• What you are asked to do:
Reproduce every line of the listing as written, apart from the pictures.

** Records for this task follows **

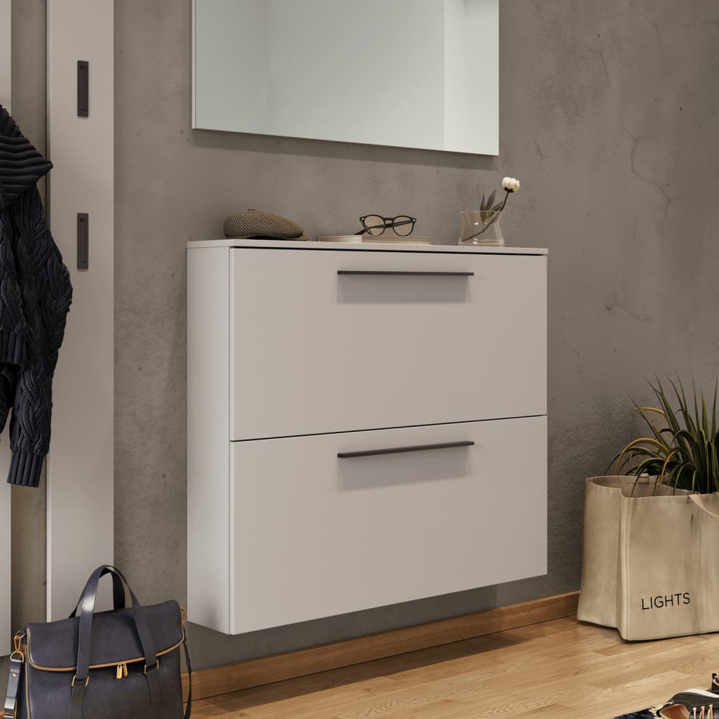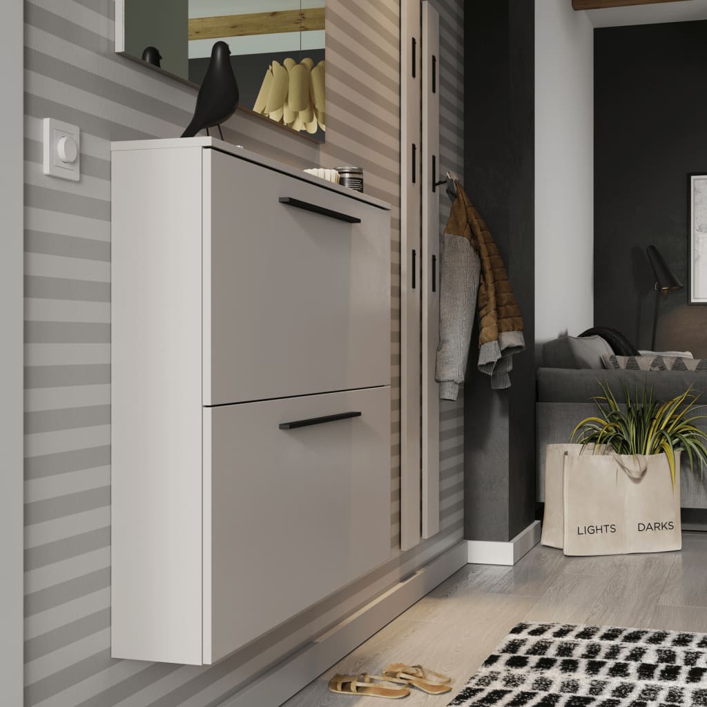 Utah kenkäkaappi 2575 tarjoaa tyylikkään ja käytännöllisen ratkaisun kenkien säilytykseen kahden klaffiovellisen kaapin ansiosta. Niihin mahtuu jopa kahdeksan kenkäparia, jolloin eteinen pysyy siistinä ja järjestyksessä ilman ylimääräistä vaivaa. Moderni muotoilu sopii täydellisesti nykyaikaiseen kotiin.
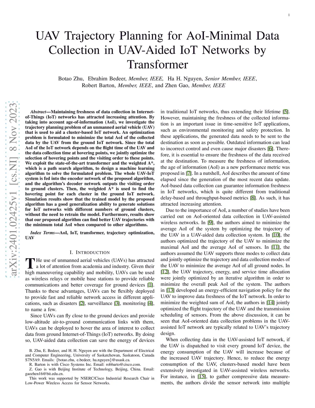 Maintaining freshness of data collection in Internet-of-Things (IoT) networks has attracted increasing attention. By taking into account age-of-information (AoI), we investigate the trajectory planning problem of an unmanned aerial vehicle (UAV) that is used to aid a cluster-based IoT network. An optimization problem is formulated to minimize the total AoI of the collected data by the UAV from the ground IoT network. Since the total AoI of the IoT network depends on the flight time of the UAV and the data collection time at hovering points, we jointly optimize the selection of hovering points and the visiting order to these points. We exploit the state-of-the-art transformer and the weighted A*, which is a path search algorithm, to design a machine learning algorithm to solve the formulated problem. The whole UAV-IoT system is fed into the encoder network of the proposed algorithm, and the algorithm's decoder network outputs the visiting order to ground clusters. Then, the weighted A* is used to find the hovering point for each cluster in the ground IoT network. Simulation results show that the trained model by the proposed algorithm has a good generalization ability to generate solutions for IoT networks with different numbers of ground clusters, without the need to retrain the model. Furthermore, results show that our proposed algorithm can find better UAV trajectories with the minimum total AoI when compared to other algorithms.
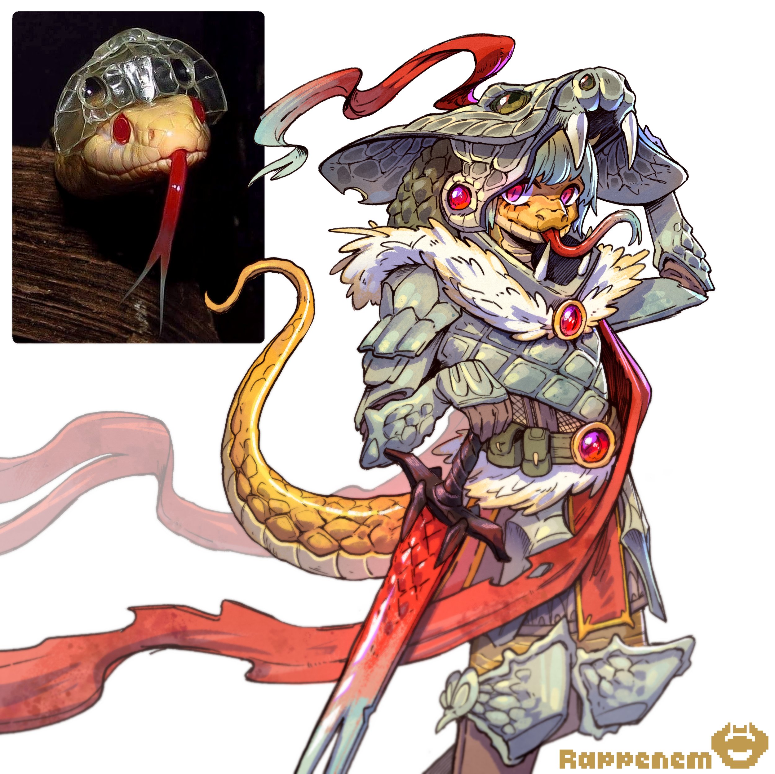 absurdres armor breastplate fang forked_tongue helmet highres knee_pads original pauldrons photo_inset rappenem red_eyes reference_inset shoulder_armor snake snake_boy snake_tail sword tail tongue weapon white_background yellow_scales
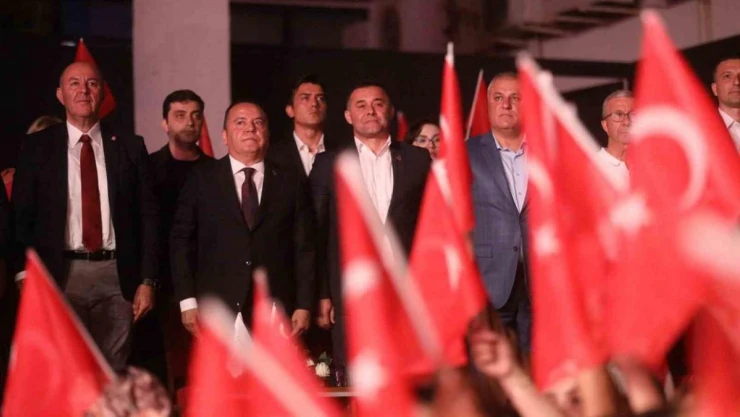 Başkan Muhittin Böcek, büyük bir coşku ve heyecanla gerçekleştirdiği konuşmasını şöyle sürdürdü: “Bugün Yörük çocuğu Muhittin olarak doğduğum topraklarda Antalya Büyükşehir Belediye Başkanıysam, bunun adıdır Cumhuriyet. Ölüme en yaklaştığım anda hastane koridorunda bu topraklarda yetişen doktorun kurtaracağız inadıdır Cumhuriyet. Alanya’da sebze meyve yetiştirmek için ter döken çiftçidir Cumhuriyet. Her bir misafire güler yüzle ev sahipliği yapan turizmcidir Cumhuriyet. Bu vatan ve bayrak için gözünü kırpmadan şehit olan Mehmetciktir Cumhuriyet. Sizlersiniz Cumhuriyet biziz Cumhuriyet. İşte bu yüzden Cumhuriyetin yüzü sensin Antalyam, Alanyam.”
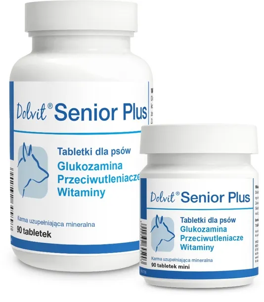 Dolvit Senior Plus to preparat witaminowy z glukozaminą, wzbogacony o naturalne substancje: żeń-szeń, żurawina, tokoferole, kapsaicyna. Zalecany dla psów starszych, a także w okresach rekonwalescencji. Składniki preparatu poprawiają ogólną kondycję, wzmacniają odporność, pomagają utrzymać witalność i zdrowie zwierząt. Dojrzewanie i starzenie się to naturalne procesy, które nie ominą nikogo, nawet naszego ukochanego psa. Jedyne, co możemy zrobić, to wspierać jego organizm, by mimo podeszłego wieku był w dobrej kondycji i zdrowiu. Pomóc w tym może Dolvit Senior, czyli tabletki z glukozaminą, witaminami, minerałami i antyoksydantami.
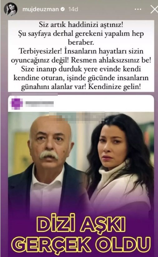 Güzel oyuncu sosyal medyada yaptığı paylaşımda, "Siz artık haddinizi aştınız. "Terbiyesizler! İnsanların hayatları sizin oyuncağınız değil! Resmen ahlaksızsınız be! Size inanıp evinde kendi kendine oturan, işinde gücünde insanların günahını alanlar var" diyerek ateş püskürdü.
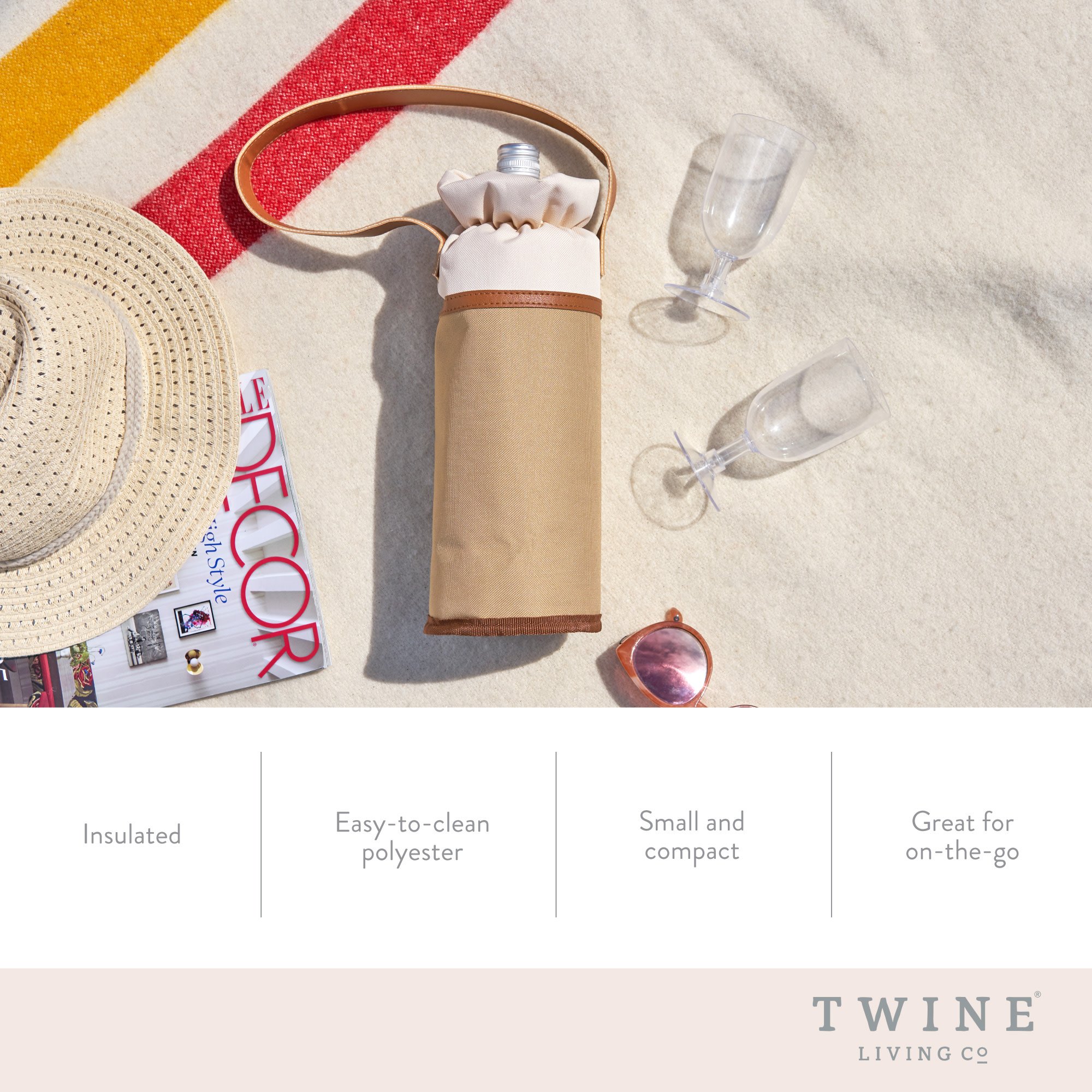 Meet your new favorite picnic accessory from Twine, an insulated single wine bag crafted for the wine enthusiast on the go! This wine carrying bag, designed in a classic tan color, offers the perfect blend of style and functionality. Made from durable polyester with an insulated liner, it keeps your wine or any other cold beverage at the perfect temperature, no matter how hot the summer sun. It's a wine carrier, a wine tote, and a wine cooler all in one! The Twine insulated wine bag isn't just for the wine connoisseurs, it's for anyone who enjoys a cold drink outdoors. This single bottle cooler bag is a cooler substitute that anyone who likes to travel or go to the beach will appreciate. This insulated wine carrier is more than just a wine tote bag. It's a stylish and practical accessory that can accompany you on any adventure. Enjoy the convenience of a travel wine bag, the style of a wine bag tote, and the practicality of a wine bottle carrier tote. This insulated wine tote bag is the ultimate companion for your wine, bag, tote, insulated, bottle, carrier, travel, carriers, totes, single, cooler, carrying, holder, picnic adventures!
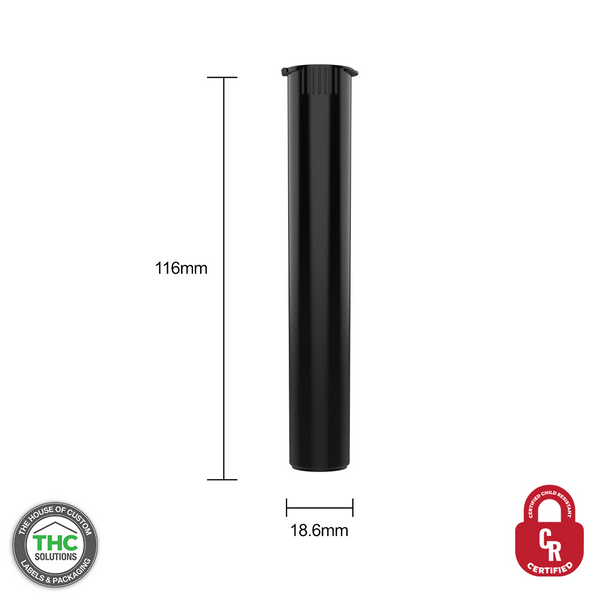 Child resistant pre roll tubes are an easy, convenient, and safe solution for packaging pre-rolls. The odor-tight seal significantly decreases odor to ensure secure storage and privacy. The 116mm tubes are sized for blunts or extended length pre-rolls, such as king sized cones, and vape cartridges.
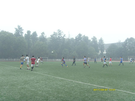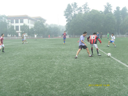 2011年9月27日中午12:30,yl23411永利(集团)有限公司官网与制造学院研究生新生顶着蒙蒙细雨在东区足球场展开了一场激烈的友谊赛。
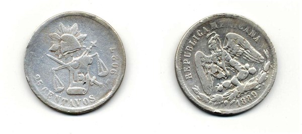 A decir verdad yo tengo una moneda de una peseta de España, acuñada en plata, pero posiblemente tratada en una joyería para arras.
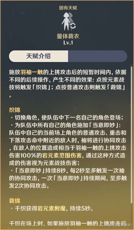 60级突破天赋则是千织伤害能力的再一次增强,配队合适就是很稳定的20%增伤加成了。这里条件倒是指明了是角色创造岩元素造物。
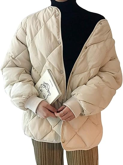 Amazon Lucky Lemon ジャケット コート レディース キルティングジャケット ダウンジャケット 中綿ジャケット キルティングアウター ライトアウター 防寒 ノーカラー 体型カバー 大きめ カジュアル 韓国ファッション ベージュ フリーサイズ コート ジャケット 通販

** End of Records for this task **

• Output of the exercise:
 Utah kenkäkaappi 2575 tarjoaa tyylikkään ja käytännöllisen ratkaisun kenkien säilytykseen kahden klaffiovellisen kaapin ansiosta. Niihin mahtuu jopa kahdeksan kenkäparia, jolloin eteinen pysyy siistinä ja järjestyksessä ilman ylimääräistä vaivaa. Moderni muotoilu sopii täydellisesti nykyaikaiseen kotiin.
 Maintaining freshness of data collection in Internet-of-Things (IoT) networks has attracted increasing attention. By taking into account age-of-information (AoI), we investigate the trajectory planning problem of an unmanned aerial vehicle (UAV) that is used to aid a cluster-based IoT network. An optimization problem is formulated to minimize the total AoI of the collected data by the UAV from the ground IoT network. Since the total AoI of the IoT network depends on the flight time of the UAV and the data collection time at hovering points, we jointly optimize the selection of hovering points and the visiting order to these points. We exploit the state-of-the-art transformer and the weighted A*, which is a path search algorithm, to design a machine learning algorithm to solve the formulated problem. The whole UAV-IoT system is fed into the encoder network of the proposed algorithm, and the algorithm's decoder network outputs the visiting order to ground clusters. Then, the weighted A* is used to find the hovering point for each cluster in the ground IoT network. Simulation results show that the trained model by the proposed algorithm has a good generalization ability to generate solutions for IoT networks with different numbers of ground clusters, without the need to retrain the model. Furthermore, results show that our proposed algorithm can find better UAV trajectories with the minimum total AoI when compared to other algorithms.
 absurdres armor breastplate fang forked_tongue helmet highres knee_pads original pauldrons photo_inset rappenem red_eyes reference_inset shoulder_armor snake snake_boy snake_tail sword tail tongue weapon white_background yellow_scales
 Başkan Muhittin Böcek, büyük bir coşku ve heyecanla gerçekleştirdiği konuşmasını şöyle sürdürdü: “Bugün Yörük çocuğu Muhittin olarak doğduğum topraklarda Antalya Büyükşehir Belediye Başkanıysam, bunun adıdır Cumhuriyet. Ölüme en yaklaştığım anda hastane koridorunda bu topraklarda yetişen doktorun kurtaracağız inadıdır Cumhuriyet. Alanya’da sebze meyve yetiştirmek için ter döken çiftçidir Cumhuriyet. Her bir misafire güler yüzle ev sahipliği yapan turizmcidir Cumhuriyet. Bu vatan ve bayrak için gözünü kırpmadan şehit olan Mehmetciktir Cumhuriyet. Sizlersiniz Cumhuriyet biziz Cumhuriyet. İşte bu yüzden Cumhuriyetin yüzü sensin Antalyam, Alanyam.”
 Dolvit Senior Plus to preparat witaminowy z glukozaminą, wzbogacony o naturalne substancje: żeń-szeń, żurawina, tokoferole, kapsaicyna. Zalecany dla psów starszych, a także w okresach rekonwalescencji. Składniki preparatu poprawiają ogólną kondycję, wzmacniają odporność, pomagają utrzymać witalność i zdrowie zwierząt. Dojrzewanie i starzenie się to naturalne procesy, które nie ominą nikogo, nawet naszego ukochanego psa. Jedyne, co możemy zrobić, to wspierać jego organizm, by mimo podeszłego wieku był w dobrej kondycji i zdrowiu. Pomóc w tym może Dolvit Senior, czyli tabletki z glukozaminą, witaminami, minerałami i antyoksydantami.
 Güzel oyuncu sosyal medyada yaptığı paylaşımda, "Siz artık haddinizi aştınız. "Terbiyesizler! İnsanların hayatları sizin oyuncağınız değil! Resmen ahlaksızsınız be! Size inanıp evinde kendi kendine oturan, işinde gücünde insanların günahını alanlar var" diyerek ateş püskürdü.
 Meet your new favorite picnic accessory from Twine, an insulated single wine bag crafted for the wine enthusiast on the go! This wine carrying bag, designed in a classic tan color, offers the perfect blend of style and functionality. Made from durable polyester with an insulated liner, it keeps your wine or any other cold beverage at the perfect temperature, no matter how hot the summer sun. It's a wine carrier, a wine tote, and a wine cooler all in one! The Twine insulated wine bag isn't just for the wine connoisseurs, it's for anyone who enjoys a cold drink outdoors. This single bottle cooler bag is a cooler substitute that anyone who likes to travel or go to the beach will appreciate. This insulated wine carrier is more than just a wine tote bag. It's a stylish and practical accessory that can accompany you on any adventure. Enjoy the convenience of a travel wine bag, the style of a wine bag tote, and the practicality of a wine bottle carrier tote. This insulated wine tote bag is the ultimate companion for your wine, bag, tote, insulated, bottle, carrier, travel, carriers, totes, single, cooler, carrying, holder, picnic adventures!
 Child resistant pre roll tubes are an easy, convenient, and safe solution for packaging pre-rolls. The odor-tight seal significantly decreases odor to ensure secure storage and privacy. The 116mm tubes are sized for blunts or extended length pre-rolls, such as king sized cones, and vape cartridges.
 2011年9月27日中午12:30,yl23411永利(集团)有限公司官网与制造学院研究生新生顶着蒙蒙细雨在东区足球场展开了一场激烈的友谊赛。
 A decir verdad yo tengo una moneda de una peseta de España, acuñada en plata, pero posiblemente tratada en una joyería para arras.
 60级突破天赋则是千织伤害能力的再一次增强,配队合适就是很稳定的20%增伤加成了。这里条件倒是指明了是角色创造岩元素造物。
 Amazon Lucky Lemon ジャケット コート レディース キルティングジャケット ダウンジャケット 中綿ジャケット キルティングアウター ライトアウター 防寒 ノーカラー 体型カバー 大きめ カジュアル 韓国ファッション ベージュ フリーサイズ コート ジャケット 通販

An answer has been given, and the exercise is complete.